**GIVEN DATA**

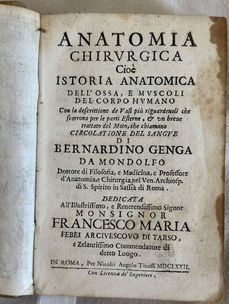 Prima edizione del 1672 di questa opera, una pietra miliare nel campo della chirurgia del medico e anatomista Bernardino Genga (Mondolfo 1620 - Roma 1690). Bernardino Genga (1620-1690), fu uno dei più celebri anatomisti e studiosi di medicina del seicento e uno dei massimi esperti delle opere di Ippocrate della sua epoca. Fu tra i primi ad esprimersi in favore dell'insegnamento della circolazione del sangue. Tra i suoi interessi grande rilievo ebbero la preparazione di preparati anatomici, nonché l'anatomia della scultura antica greca e romana. Nato a Mondolfo nel Ducato di Urbino praticò l'arte chirurgica presso l'Ospedale di Santo Spirito in Sassia. Nell'opera qui presentata Genga sottolinea l'importanza della conoscenza dell'anatomia umana da parte dei chirurghi indicando diverse tecniche chirurghe e descrivendo casi pratici anche nell'ambito della odontoiatria. "the first book devoted entirely to surgical anatomy" Rif. Garrison-Morton 384. Bella incisione in antiporta. Antiche note manoscritte all'ultima carta. In buone condizioni. Copertina in piena pergamena floscia coeva con titolo manoscritto al dorso in discrete condizioni generali con lievi usure ai margini e dorso. Macchie. Legatura in buone condizioni ma corpo del libro in parte staccato dalla legatura. Pagine in buone condizioni con fioriture. In 16. Dim. 16,5x11 cm. Pp. (13)+455+(3). First edition of 1672 of this work, a milestone in the field of surgery by the physician and anatomist Bernardino Genga (Mondolfo 1620 - Roma 1690). Bernardino Genga (1620-1690), was one of the most famous anatomists and scholar of meedicine of 17th century and one of the most important experts of works of Hyppocratis of his time. He understood the importance of teaching of circulation of blood. He was really interested about antique roman and greek sculptures. He was born in Mondolfo in Ducato di Urbino and practiced surgery in the Hospital of Santo Spirito in Sassia. In this work Genga underlines the improtance of human anatomy by surgeons indicating different surgical techniques and describing practical cases in the field of teeth care "the first book devoted entirely to surgical anatomy" Rif. Garrison-Morton 384. Beautiful engraving in the frontspice. Antique handwritten notes in the last page. In good conditions. Full parchment coeval cover with handwritten title in the spine in fair general conditions lightly worn in the extremities. Stains. Binding in good conditions but the body of the book partially detached from binding. Inside pages are in good conditions with foxing. In 16. Dim. 16,5x11 cm. Pp. (13)+455+(3).
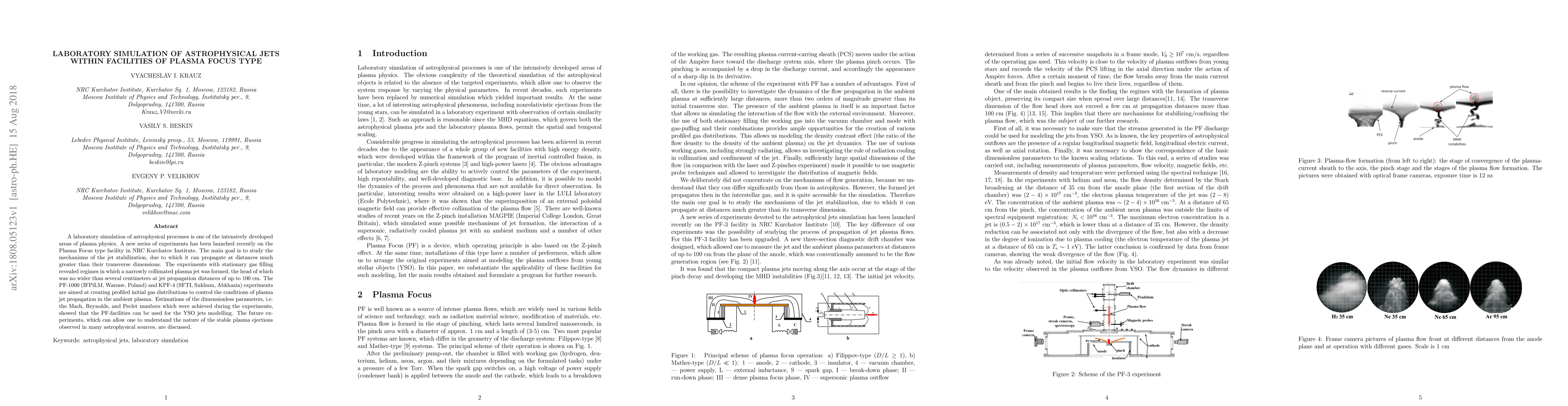 A laboratory simulation of astrophysical processes is one of the intensively developed areas of plasma physics. A new series of experiments has been launched recently on the Plasma Focus type facility in NRC Kurchatov Institute. The main goal is to study the mechanisms of the jet stabilization, due to which it can propagate at distances much greater than their transverse dimensions. The experiments with stationary gas filling revealed regimes in which a narrowly collimated plasma jet was formed, the head of which was no wider than several centimeters at jet propagation distances of up to 100 cm. The PF-1000 (IFPiLM, Warsaw, Poland) and KPF-4 (SFTI, Sukhum, Abkhazia) experiments are aimed at creating profiled initial gas distributions to control the conditions of plasma jet propagation in the ambient plasma. Estimations of the dimensionless parameters, i.e. the Mach, Reynolds, and Peclet numbers which were achieved during the experiments, showed that the PF-facilities can be used for the YSO jets modelling. The future experiments, which can allow one to understand the nature of the stable plasma ejections observed in many astrophysical sources, are discussed.
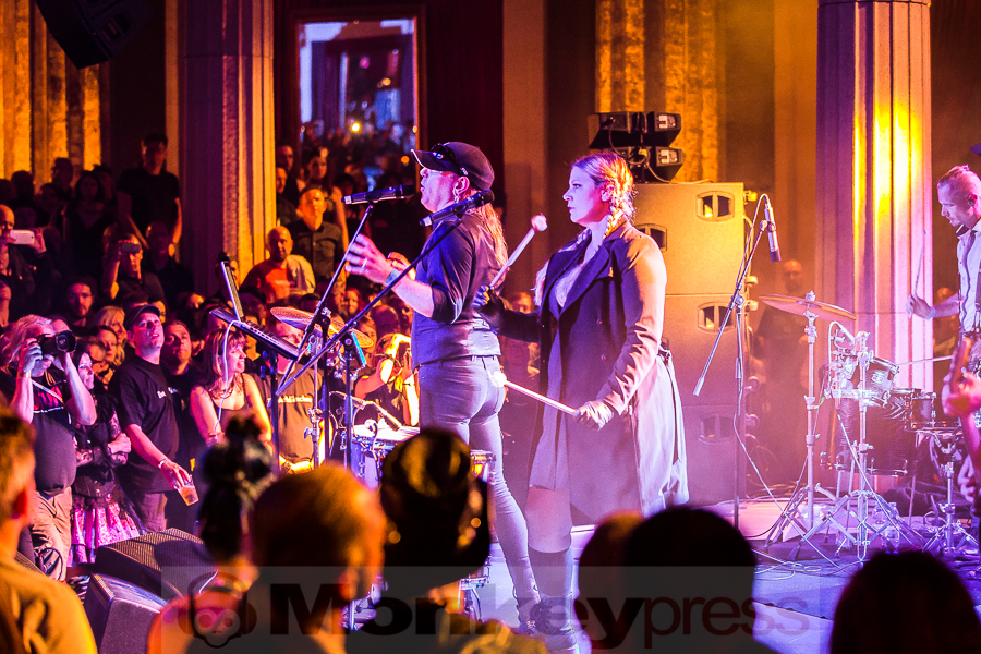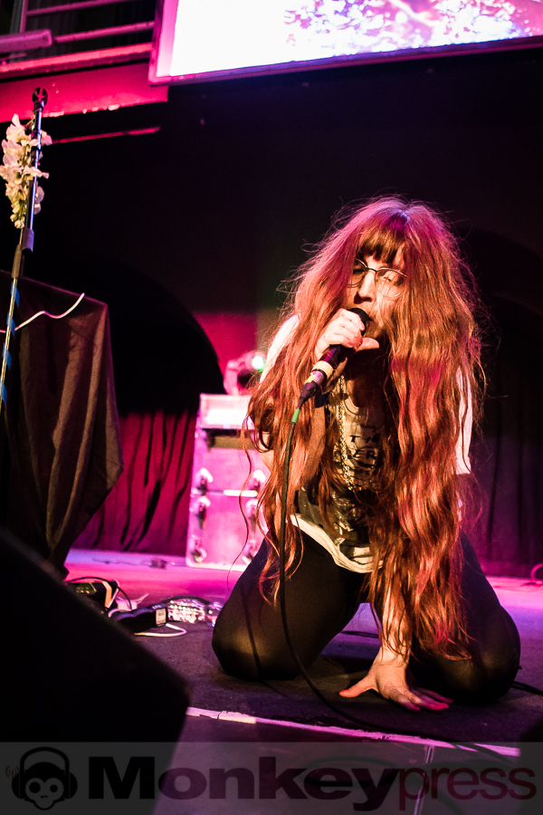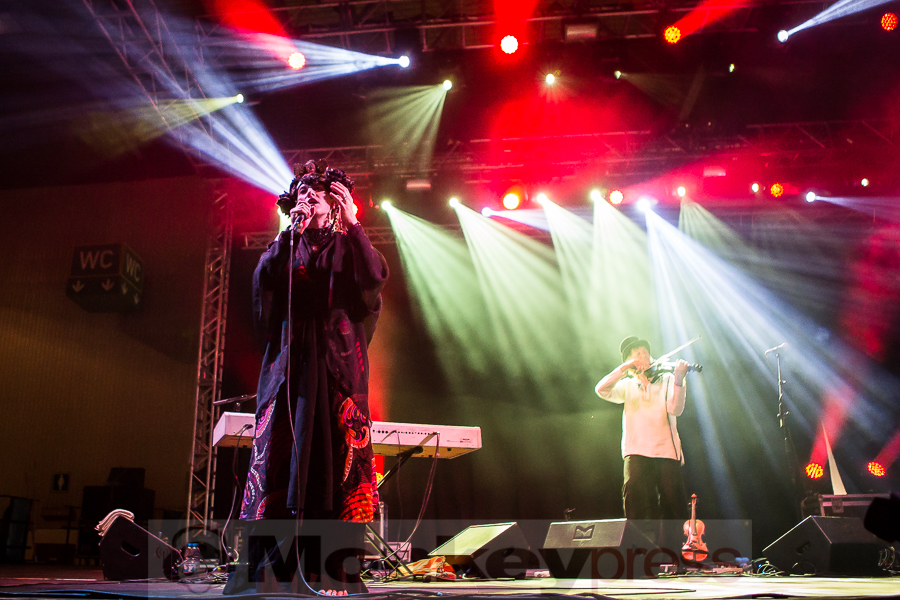 Das erste Mitternachts-Special des Wave-Gotik-Treffens 2017 steht an und viele freuen schon sich auf die außergewöhnliche Kooperation von The Dresden Dolls Frontfrau Amanda Palmer und The Legendary Pink Dots Mastermind Edward Ka-Spel. Diese startet aber erst einmal mit einem kleinen Dämpfer, denn das Pedal von Amanda Palmers Piano ist defekt, das Instrument somit nicht nutzbar. Aber welch ein Glück: Wir haben es hier mit absoluten Profis zu tun und so überspielen die drei Vollblutmusiker das Ganze absolut unterhaltsam. Vorläufig präsentiert uns Geiger Patrick Q. Wright aber noch genau diesen einen von ihm geforderten Ton und bevor dieser dann nach einer ganzen Weile doch zu eintönig wird, fügt er ihm vorsichtshalber noch einen zweiten hinzu. Es folgt ein Song komplett ohne Piano, bei dem Amanda schon einmal ihre tolle Stimme unter Beweis stellen kann. Dann naht auch schon Hilfe. Das deutlich größere Pedal, das eben noch bei Devilment gute Dienste geleistet hat, wird angeschlossen, kurz mit „auf die Größe kommt es aber nicht an“ von Amanda kommentiert. Dann entfließen dem Instrument endlich erste Töne und die drei können ihre Songs des gerade erschienenen Debütalbums I Can Spin A Rainbow in seiner vollen Pracht darbieten. Die Songs sind zwar eher ruhig, aber dafür sehr intensiv und damit wahlweise wie gemacht oder völlig fehl am Platz für diese fortgeschrittene Stunde. Einige der Zuschauer gehen langsam in Richtung Partyhallen (oder ins hoffentlich nahe gelegene Bett), während die Interessierten den Rest der Darbietung förmlich an den Lippen von Amanda und Edward hängen und sich der feinen Klang-Atmosphäre hingeben. (MG)

**WHAT YOU SHOULD DO**
Reproduce the material exactly; omit the pictures.

**PROBLEM SOLUTION**
 Prima edizione del 1672 di questa opera, una pietra miliare nel campo della chirurgia del medico e anatomista Bernardino Genga (Mondolfo 1620 - Roma 1690). Bernardino Genga (1620-1690), fu uno dei più celebri anatomisti e studiosi di medicina del seicento e uno dei massimi esperti delle opere di Ippocrate della sua epoca. Fu tra i primi ad esprimersi in favore dell'insegnamento della circolazione del sangue. Tra i suoi interessi grande rilievo ebbero la preparazione di preparati anatomici, nonché l'anatomia della scultura antica greca e romana. Nato a Mondolfo nel Ducato di Urbino praticò l'arte chirurgica presso l'Ospedale di Santo Spirito in Sassia. Nell'opera qui presentata Genga sottolinea l'importanza della conoscenza dell'anatomia umana da parte dei chirurghi indicando diverse tecniche chirurghe e descrivendo casi pratici anche nell'ambito della odontoiatria. "the first book devoted entirely to surgical anatomy" Rif. Garrison-Morton 384. Bella incisione in antiporta. Antiche note manoscritte all'ultima carta. In buone condizioni. Copertina in piena pergamena floscia coeva con titolo manoscritto al dorso in discrete condizioni generali con lievi usure ai margini e dorso. Macchie. Legatura in buone condizioni ma corpo del libro in parte staccato dalla legatura. Pagine in buone condizioni con fioriture. In 16. Dim. 16,5x11 cm. Pp. (13)+455+(3). First edition of 1672 of this work, a milestone in the field of surgery by the physician and anatomist Bernardino Genga (Mondolfo 1620 - Roma 1690). Bernardino Genga (1620-1690), was one of the most famous anatomists and scholar of meedicine of 17th century and one of the most important experts of works of Hyppocratis of his time. He understood the importance of teaching of circulation of blood. He was really interested about antique roman and greek sculptures. He was born in Mondolfo in Ducato di Urbino and practiced surgery in the Hospital of Santo Spirito in Sassia. In this work Genga underlines the improtance of human anatomy by surgeons indicating different surgical techniques and describing practical cases in the field of teeth care "the first book devoted entirely to surgical anatomy" Rif. Garrison-Morton 384. Beautiful engraving in the frontspice. Antique handwritten notes in the last page. In good conditions. Full parchment coeval cover with handwritten title in the spine in fair general conditions lightly worn in the extremities. Stains. Binding in good conditions but the body of the book partially detached from binding. Inside pages are in good conditions with foxing. In 16. Dim. 16,5x11 cm. Pp. (13)+455+(3).
 A laboratory simulation of astrophysical processes is one of the intensively developed areas of plasma physics. A new series of experiments has been launched recently on the Plasma Focus type facility in NRC Kurchatov Institute. The main goal is to study the mechanisms of the jet stabilization, due to which it can propagate at distances much greater than their transverse dimensions. The experiments with stationary gas filling revealed regimes in which a narrowly collimated plasma jet was formed, the head of which was no wider than several centimeters at jet propagation distances of up to 100 cm. The PF-1000 (IFPiLM, Warsaw, Poland) and KPF-4 (SFTI, Sukhum, Abkhazia) experiments are aimed at creating profiled initial gas distributions to control the conditions of plasma jet propagation in the ambient plasma. Estimations of the dimensionless parameters, i.e. the Mach, Reynolds, and Peclet numbers which were achieved during the experiments, showed that the PF-facilities can be used for the YSO jets modelling. The future experiments, which can allow one to understand the nature of the stable plasma ejections observed in many astrophysical sources, are discussed.
 Das erste Mitternachts-Special des Wave-Gotik-Treffens 2017 steht an und viele freuen schon sich auf die außergewöhnliche Kooperation von The Dresden Dolls Frontfrau Amanda Palmer und The Legendary Pink Dots Mastermind Edward Ka-Spel. Diese startet aber erst einmal mit einem kleinen Dämpfer, denn das Pedal von Amanda Palmers Piano ist defekt, das Instrument somit nicht nutzbar. Aber welch ein Glück: Wir haben es hier mit absoluten Profis zu tun und so überspielen die drei Vollblutmusiker das Ganze absolut unterhaltsam. Vorläufig präsentiert uns Geiger Patrick Q. Wright aber noch genau diesen einen von ihm geforderten Ton und bevor dieser dann nach einer ganzen Weile doch zu eintönig wird, fügt er ihm vorsichtshalber noch einen zweiten hinzu. Es folgt ein Song komplett ohne Piano, bei dem Amanda schon einmal ihre tolle Stimme unter Beweis stellen kann. Dann naht auch schon Hilfe. Das deutlich größere Pedal, das eben noch bei Devilment gute Dienste geleistet hat, wird angeschlossen, kurz mit „auf die Größe kommt es aber nicht an“ von Amanda kommentiert. Dann entfließen dem Instrument endlich erste Töne und die drei können ihre Songs des gerade erschienenen Debütalbums I Can Spin A Rainbow in seiner vollen Pracht darbieten. Die Songs sind zwar eher ruhig, aber dafür sehr intensiv und damit wahlweise wie gemacht oder völlig fehl am Platz für diese fortgeschrittene Stunde. Einige der Zuschauer gehen langsam in Richtung Partyhallen (oder ins hoffentlich nahe gelegene Bett), während die Interessierten den Rest der Darbietung förmlich an den Lippen von Amanda und Edward hängen und sich der feinen Klang-Atmosphäre hingeben. (MG)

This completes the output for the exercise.